Operator: We’ll move to our final question from Joseph Stringer with Needham & Company.

Joseph Stringer: Hi, thanks for taking our questions. If we assume the eventual approval of either VAX-24 or VAX-31, what’s your current thinking on the likelihood that ACIP would not grant preferred recommendation? I realize this would sort of go against precedent, but could you give your updated thoughts on the puts and takes on this hypothetical scenario? And has your outlook on this changed at all with the new administration? Thanks.

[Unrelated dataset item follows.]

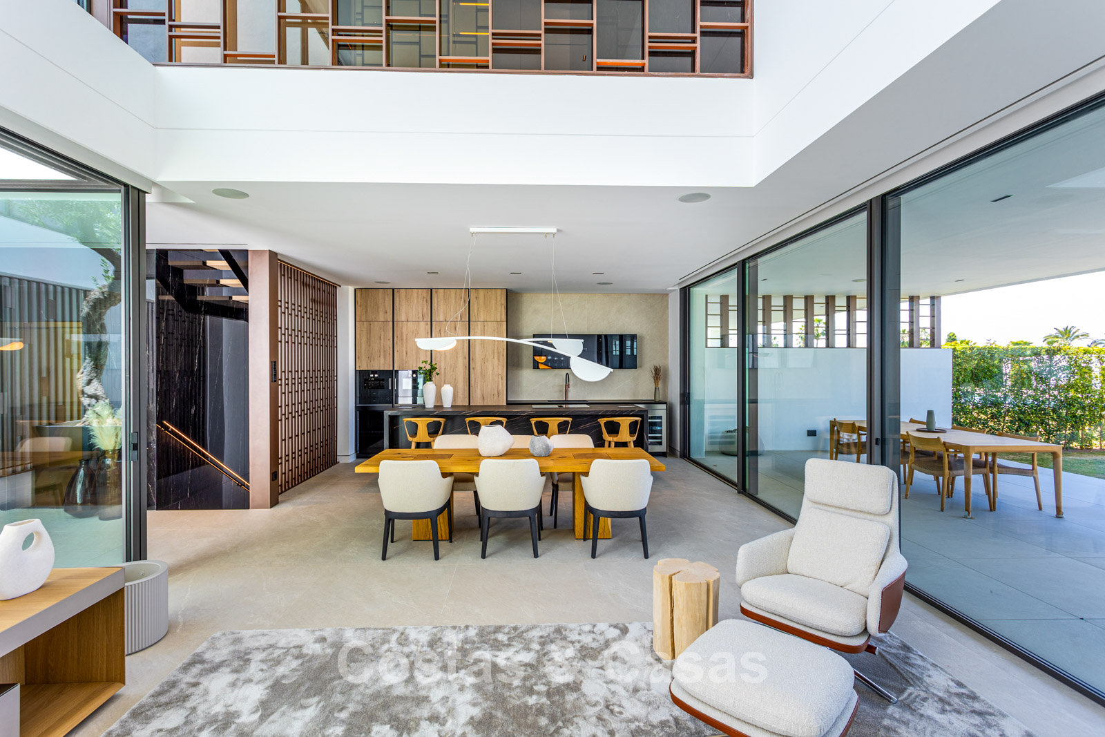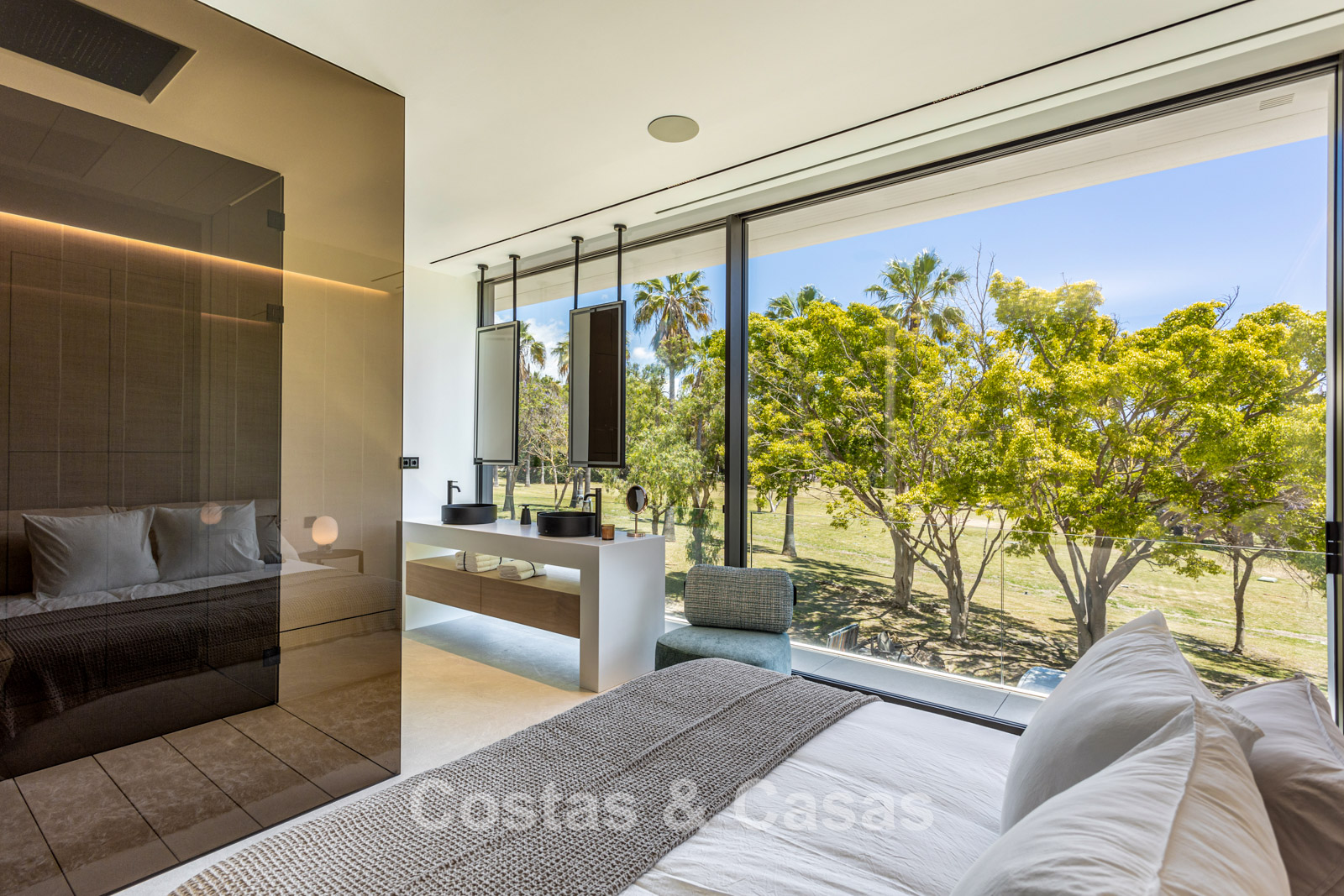 Sophisticated villa with a high-end architectural style. Built to the highest quality standards, with unparalleled attention to detail. Floor-to-ceiling sliding windows throughout the villa create exceptionally bright spaces. The airy living area features a partially double-height ceiling. A high-quality kitchen with premium Gaggenau appliances and a breakfast island is the focal point of the villas. A glass patio forms the focal point of the villas, designed to create additional light and air circulation, with the option of being completely enclosed with sliding glass walls. 3 bedrooms, 4 bathrooms, and a separate toilet. Beautiful master suite with an open-plan bathroom and private walk-in closet. Extensive porcelain floors. The lower floor provides natural light and could be transformed into a gym, spa, or studio. Utility room. Integrated garage for 4 cars with an electric vehicle charging station.

Grant Pickering: Yeah. Hey, Joey, thanks for the question. Yeah, I mean we’ve got, VAX-31will be first up. As we look ahead, we’ve got to obviously complete the Phase 3 studies, but given the strength of the treatment effect in Phase 2, we’re extremely confident heading into the Phase 3 experiment. Once we have that package together and we have to get all of our BLA together, et cetera, et cetera. But looking ahead to a potential ACIP review, we have a product that has the makings of the most compelling profile that they would have reviewed to-date and even the last occasion where an adult pneumococcal conjugate vaccine was debated, I think there were expectations that, that profile could have warranted a preferred recommendation, but for the fact that while it had improved coverage, it did not cover historically circulating strains, some of which were actively circulating in the moment.

And so for us, we have a product profile, at least based on what we’ve seen to-date that has even higher coverage than that particular vaccine while covering the historically circulating strains and improving immune responses to boot, which are multiple advantages relative to what anyone else has ever seen. And we have seen preferred recommendations granted in the adult setting and it gives us the kind of confidence that it’s certainly something that we can plan for. It’s not a guarantee, but something that we can plan for. In the infant setting, the last conversation was when Prevnar 20 was approved and debated. And really the coverage there based on the dialogue they had was enough to warrant a preferred recommendation, but they explicitly did not grant it, the preferred recommendation because of the diminished immune responses that were evident, which is the reason why as we think about our 24 valent and 31 valent moving forward, it gives us a lot of confidence that VAX-24 which is ahead, truly does have a differentiated superior profile in that if we can see anything similar to the adult results where we’re not only conferring broader coverage with additional conjugates, but also potentially higher immune responses, that would have been precisely what they were looking for when they last considered a preferred recommendation.

And then I think as it relates to what will happen in the future, we’re ways away from that ACIP conversation, that ACIP composition, et cetera. So I think it’s premature to suggest anything other than the basis for which these decisions have been made historically, which is based on the merits of the vaccine for which they’re considering relative to the vaccines that are the standard-of-care up to that point and to what extent the newer vaccine can provide better protection and better return on investment for this country.

Operator: Ladies and gentlemen, that will conclude today’s question-and-answer period and also conclude today’s Vaxcyte fourth quarter and full year 2024 earnings call. Please disconnect your line at this time and have a wonderful day.